Mortgage Loans Aren't Toasters

Aug 5, 2010

Title from here, text from Megan McArdle:

Actually going through the mortgage process is a reminder of one of the reasons that things went so badly wrong during the housing bubble; we are inundated with paper. There are disclosures about the Mortgage Disclosure Improvement Act telling us we have seven days to review any change in our APR; disclosures about the Home Valuation Code of Conduct, even a disclosure solemnly informing us that the bank intends to check credit scores and may not loan us money if there's a bad payment history of too much debt. I'm pretty good with paperwork, and I understand all the terms being used (not to mention the laws being referenced), and I find it impossible to keep track of it all mentally...This illustrates, I think, the limits of transparency. Much of this paperwork is the product of earlier acts designed to help uninformed borrowers deal with the complexity of their loans. If you read and understand all of it, perhaps you do. But there's so much of it that it's relatively easier to overlook something.
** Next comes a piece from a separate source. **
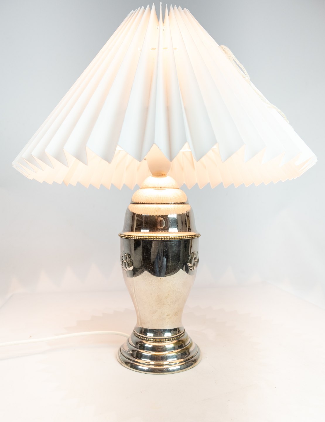 Forsølvet bordlampe i jugendstil fra omkring 1930erne.

...I don't know that we're striking the wrong balance; I don't need a quarter point lower rate so badly that we should expose millions of unsophisticated homebuyers to danger of being cheated. What worries me is that there's little recognition that we have to strike a balance--or for that matter, even that there are tradeoffs. Everything that ever disadvantaged someone is automatically assumed to be a terrible product feature that ought to be eliminated. That instinct is what most worries me about the new CFPA.